Analysis of native NISTmAb achieved resolution of 3.11 between monomer and dimer, with retention time and area RSDs below 0.3 % across all capillary sets. Under stress conditions, higher order aggregates and trimers were resolved (resolution 3.33), demonstrating the method’s sensitivity for complex mixtures.

Benefits and Practical Applications of the Method

• Enhanced detection of low-level aggregates and higher molecular weight species for robust quality control.
• Reduced maintenance costs due to biocompatible UHPLC design tolerating high-salt buffers.
• Integration of separation and molecular weight determination in one software platform streamlines workflows.

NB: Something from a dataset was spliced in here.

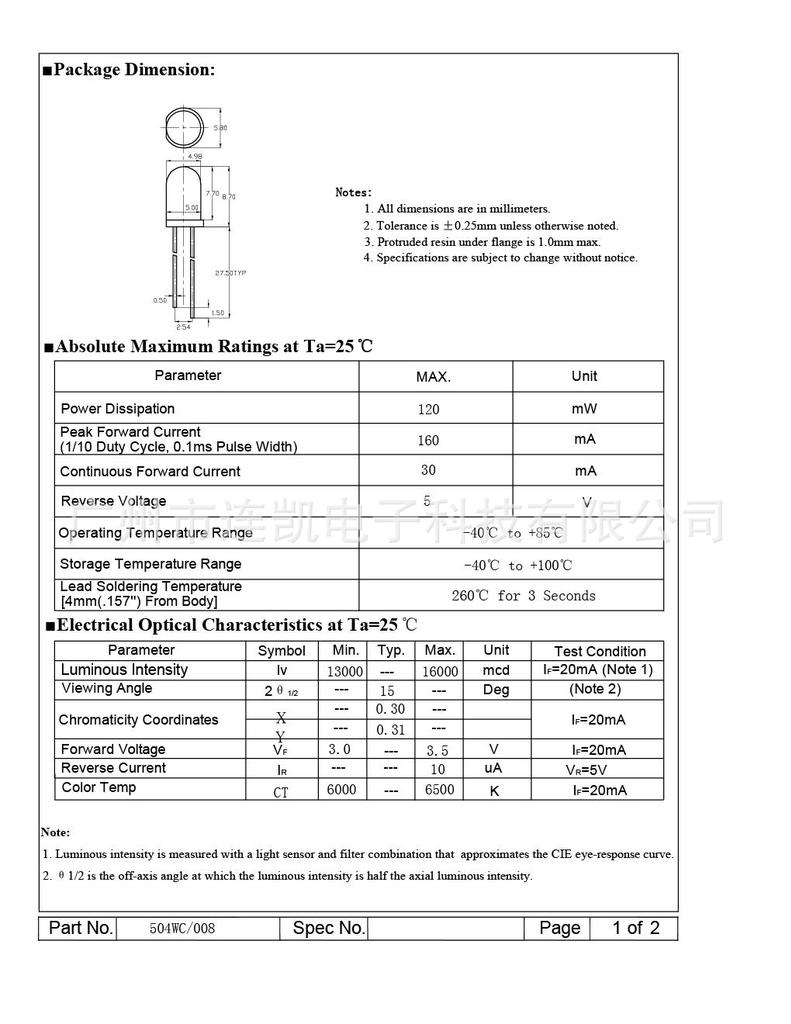 广州市连凯电子科技有限公司是一家专业生产LED发光二极管的生产厂家,拥有全自动生产设备,全自动分光分色机,产量大,长期稳定供货、质量稳定可靠,价格优惠!长期为客户提供各种规格型LED,具体规格参数如下:规格:5MM白光角度:15-30度亮度:8000-10000,10000-13000,13000-16000MCD电压:3.0-3.2V,3.2-3.4V

Future Trends and Opportunities

• Development of even lower-dispersion fluidic paths and next-generation sub-2 µm columns.
• Coupling high-resolution SEC with mass spectrometry for advanced structural characterization.
• Automation of stress studies and real-time data analytics using machine learning.
• Expansion toward microflow and nanoparticle aggregate analysis in biosimilar and novel biologic development.

Conclusion

The Agilent 1290 Infinity II Bio LC System with AdvanceBio SEC and ultralow dispersion capillaries delivers superior aggregate separation and accurate molecular weight determination in a single step. Its biocompatible design and low dead volume provide high resolution, reproducibility, and reduced operating costs, positioning it as a valuable tool for biopharmaceutical QC and research.

Reference

• Quantitation of mAb and ADC Aggregation Using SEC and an Aqueous Mobile Phase. Agilent Technologies application note, publication number 5991-6303EN, 2016.